§ TRY IT
Retype word for word the stretch of entries below from the line that has "По итогам 9" through the line that has "THE WATERCOLOR CREW", and omit the pictures.

§ LISTED ENTRIES
==*==

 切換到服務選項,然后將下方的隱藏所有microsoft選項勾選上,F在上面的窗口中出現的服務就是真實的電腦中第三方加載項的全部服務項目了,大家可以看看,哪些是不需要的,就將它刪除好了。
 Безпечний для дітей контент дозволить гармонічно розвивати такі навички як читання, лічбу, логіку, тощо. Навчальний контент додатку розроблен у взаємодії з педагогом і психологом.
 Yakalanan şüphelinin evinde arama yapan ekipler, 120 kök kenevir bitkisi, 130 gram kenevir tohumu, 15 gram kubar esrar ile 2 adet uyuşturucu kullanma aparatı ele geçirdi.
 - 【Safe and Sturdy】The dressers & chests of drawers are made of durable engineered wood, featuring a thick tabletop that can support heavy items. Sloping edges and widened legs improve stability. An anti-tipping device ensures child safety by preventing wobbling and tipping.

==*==

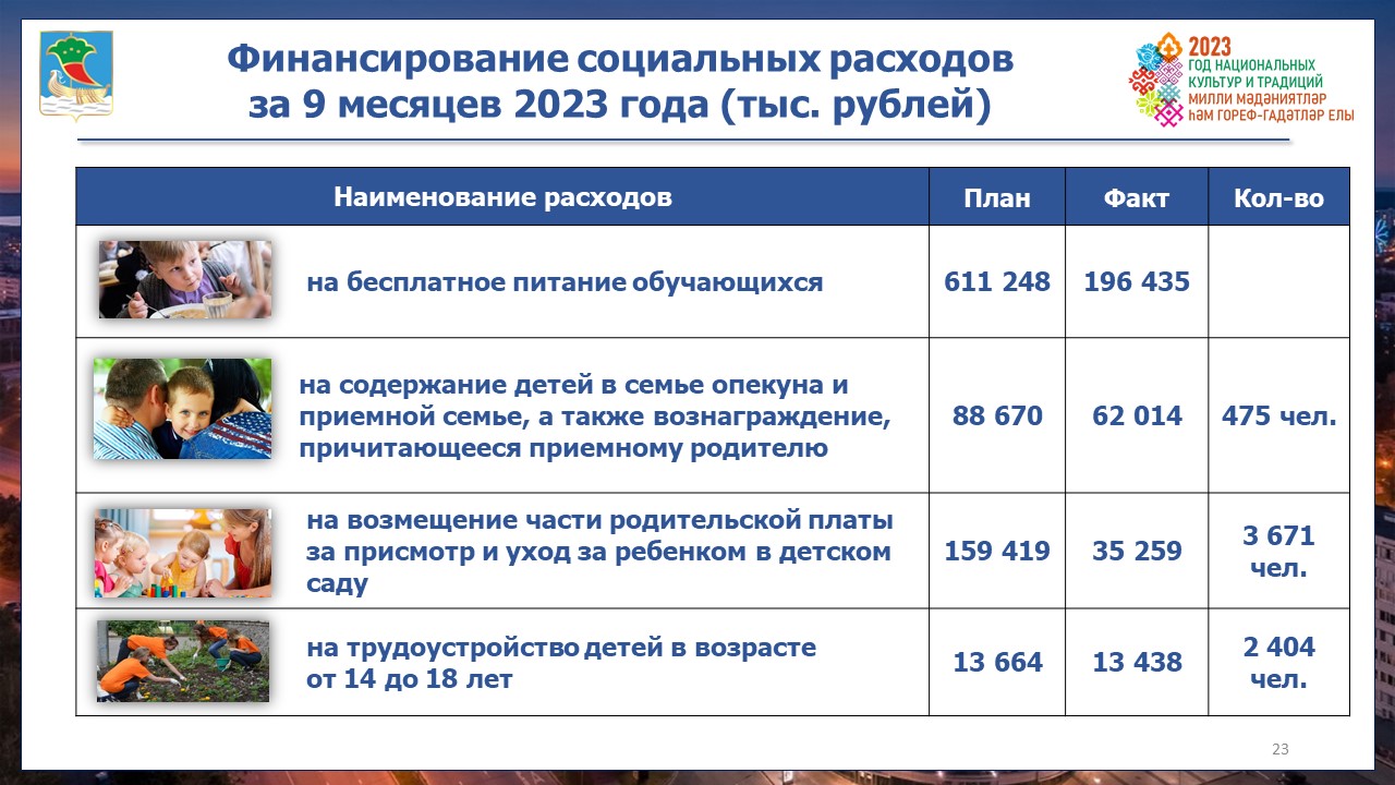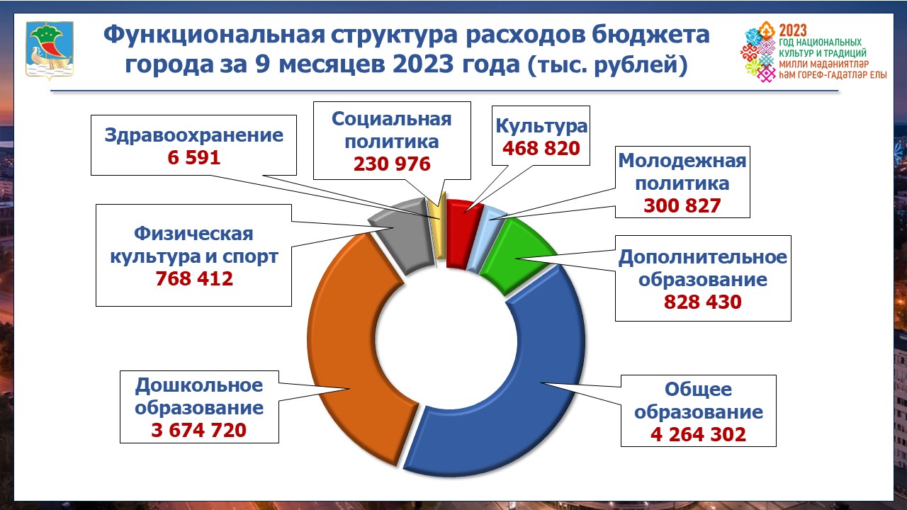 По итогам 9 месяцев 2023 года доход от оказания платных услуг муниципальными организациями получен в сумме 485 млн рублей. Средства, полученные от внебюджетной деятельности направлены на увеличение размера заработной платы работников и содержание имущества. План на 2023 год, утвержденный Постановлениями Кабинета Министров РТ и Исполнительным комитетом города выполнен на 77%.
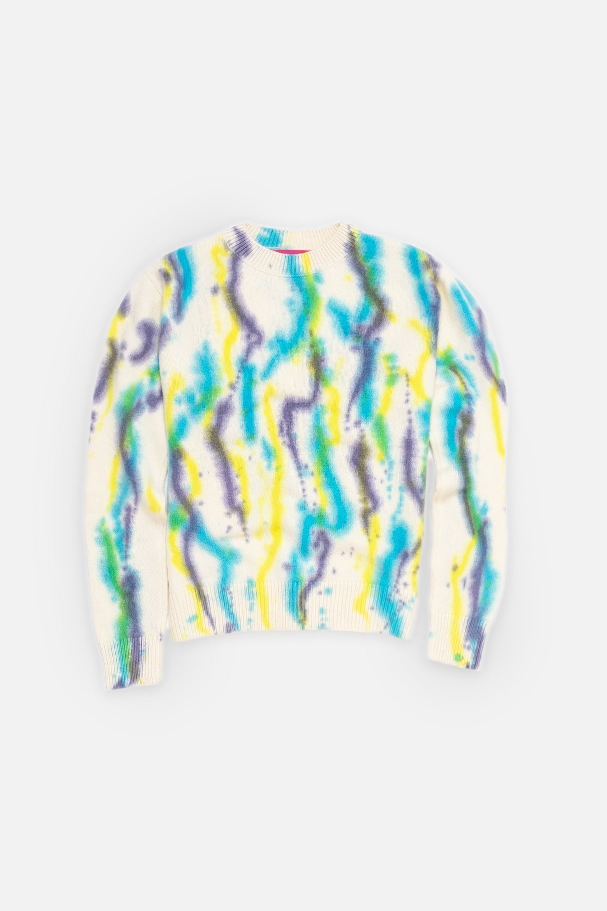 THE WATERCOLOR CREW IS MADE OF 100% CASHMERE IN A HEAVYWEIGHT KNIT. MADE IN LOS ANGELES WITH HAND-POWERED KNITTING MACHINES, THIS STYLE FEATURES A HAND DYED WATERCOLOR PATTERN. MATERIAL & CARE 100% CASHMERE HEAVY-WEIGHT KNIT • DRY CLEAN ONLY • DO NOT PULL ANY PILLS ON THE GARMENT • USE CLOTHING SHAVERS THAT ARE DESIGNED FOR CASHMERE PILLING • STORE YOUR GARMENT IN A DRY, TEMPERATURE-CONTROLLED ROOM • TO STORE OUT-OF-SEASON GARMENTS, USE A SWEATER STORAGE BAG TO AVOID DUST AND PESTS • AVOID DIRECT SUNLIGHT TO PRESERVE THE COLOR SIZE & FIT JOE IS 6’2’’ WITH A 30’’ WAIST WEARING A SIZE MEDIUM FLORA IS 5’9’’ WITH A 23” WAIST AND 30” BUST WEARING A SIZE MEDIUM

==*==

§ RESPONSE AREA
 По итогам 9 месяцев 2023 года доход от оказания платных услуг муниципальными организациями получен в сумме 485 млн рублей. Средства, полученные от внебюджетной деятельности направлены на увеличение размера заработной платы работников и содержание имущества. План на 2023 год, утвержденный Постановлениями Кабинета Министров РТ и Исполнительным комитетом города выполнен на 77%.
 THE WATERCOLOR CREW IS MADE OF 100% CASHMERE IN A HEAVYWEIGHT KNIT. MADE IN LOS ANGELES WITH HAND-POWERED KNITTING MACHINES, THIS STYLE FEATURES A HAND DYED WATERCOLOR PATTERN. MATERIAL & CARE 100% CASHMERE HEAVY-WEIGHT KNIT • DRY CLEAN ONLY • DO NOT PULL ANY PILLS ON THE GARMENT • USE CLOTHING SHAVERS THAT ARE DESIGNED FOR CASHMERE PILLING • STORE YOUR GARMENT IN A DRY, TEMPERATURE-CONTROLLED ROOM • TO STORE OUT-OF-SEASON GARMENTS, USE A SWEATER STORAGE BAG TO AVOID DUST AND PESTS • AVOID DIRECT SUNLIGHT TO PRESERVE THE COLOR SIZE & FIT JOE IS 6’2’’ WITH A 30’’ WAIST WEARING A SIZE MEDIUM FLORA IS 5’9’’ WITH A 23” WAIST AND 30” BUST WEARING A SIZE MEDIUM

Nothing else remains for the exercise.